**Brief:** The result should be an exact copy of the entries below, free of pictures.

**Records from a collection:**
◆ ◆ ◆
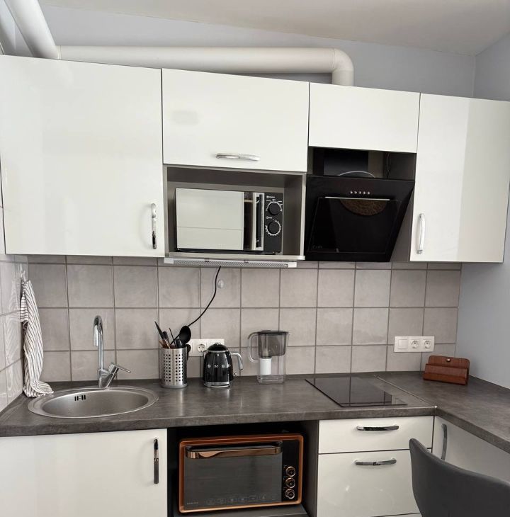 В квартире есть все необходимые удобства: холодильник Bosch, варочная панель, микроволновка, чайник SMEG, посудомойка, маленький духовой шкаф для приготовления чудесных пирогов. Вся необходимая посуда и приборы имеются.
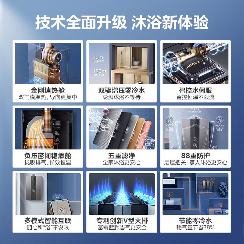 2、我非常满意购买了美的16升燃气热水器。它不仅外观时尚,而且使用简便,热水供应稳定可靠。无论是早晨洗漱还是晚上洗澡,都能享受到温暖舒适的洗浴体验。性价比也非常高,物超所值!强烈推荐给需要热水器的朋友们!
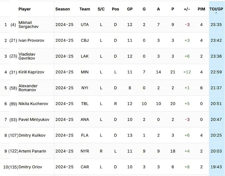 В топ-10 входят всего 3 форварда: Кирилл Капризов с 22:59 средним временем, Никита Кучеров с 20:51 и Артемий Панарин с 20:03.
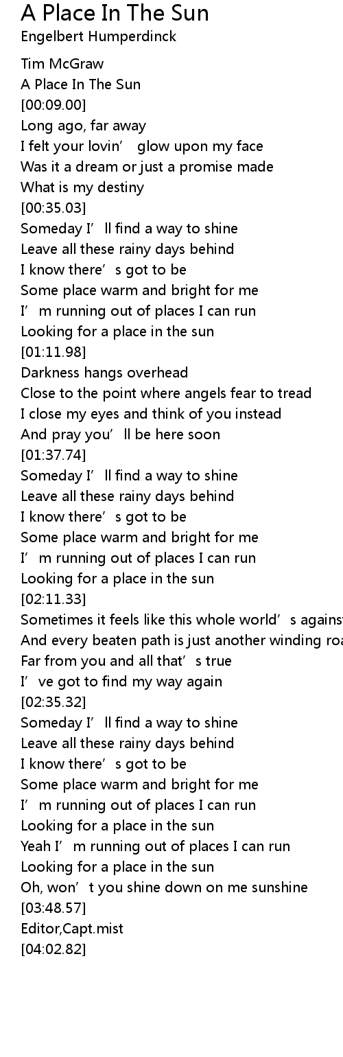 | [03:35.71] | Oh, won' t you shine down on me sunshine |
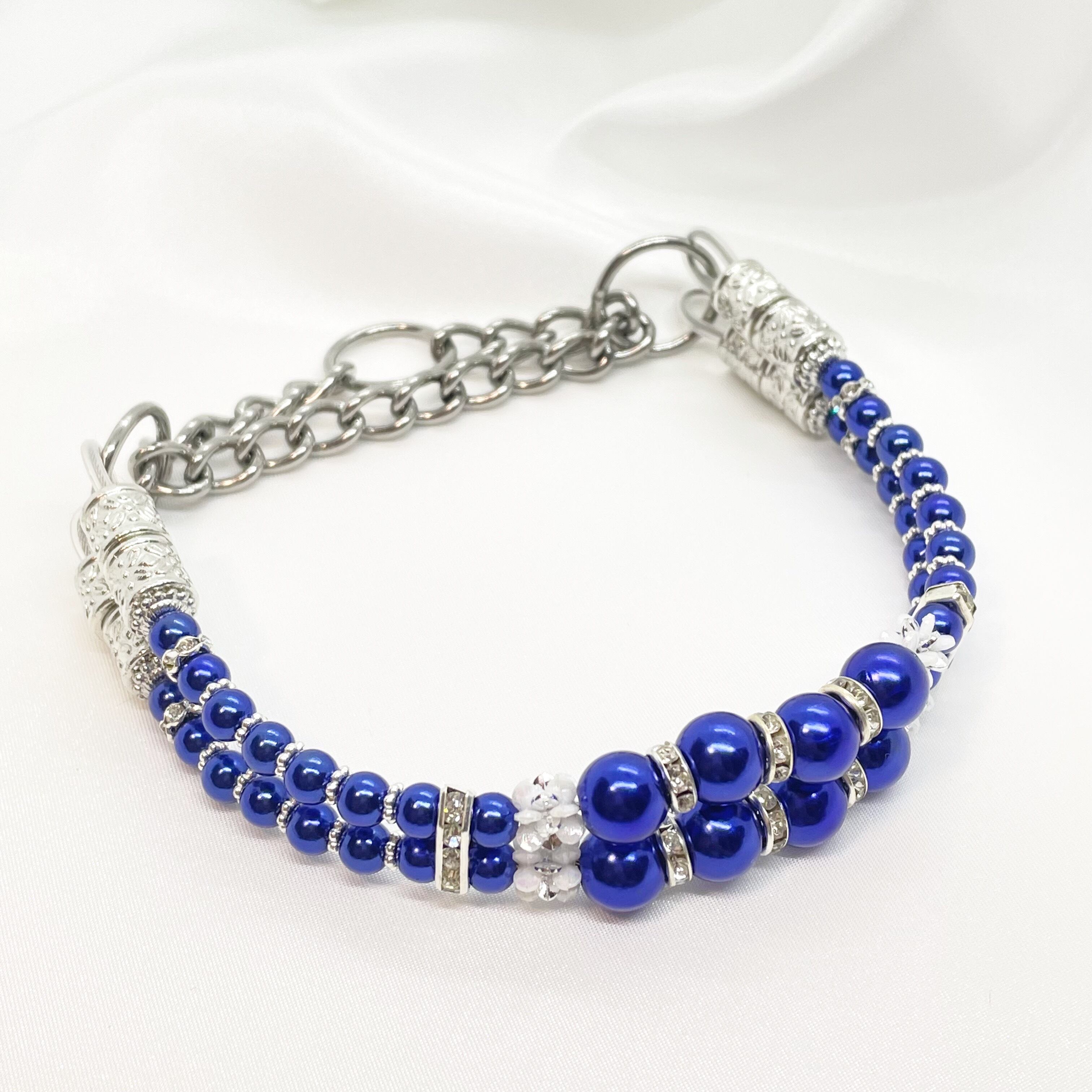 2連のビーズの間に、小さなストーンがキラキラ輝く上品なハーフチョークです。
◆ ◆ ◆
**Result of the exercise:**
 В квартире есть все необходимые удобства: холодильник Bosch, варочная панель, микроволновка, чайник SMEG, посудомойка, маленький духовой шкаф для приготовления чудесных пирогов. Вся необходимая посуда и приборы имеются.
 2、我非常满意购买了美的16升燃气热水器。它不仅外观时尚,而且使用简便,热水供应稳定可靠。无论是早晨洗漱还是晚上洗澡,都能享受到温暖舒适的洗浴体验。性价比也非常高,物超所值!强烈推荐给需要热水器的朋友们!
 В топ-10 входят всего 3 форварда: Кирилл Капризов с 22:59 средним временем, Никита Кучеров с 20:51 и Артемий Панарин с 20:03.
 | [03:35.71] | Oh, won' t you shine down on me sunshine |
 2連のビーズの間に、小さなストーンがキラキラ輝く上品なハーフチョークです。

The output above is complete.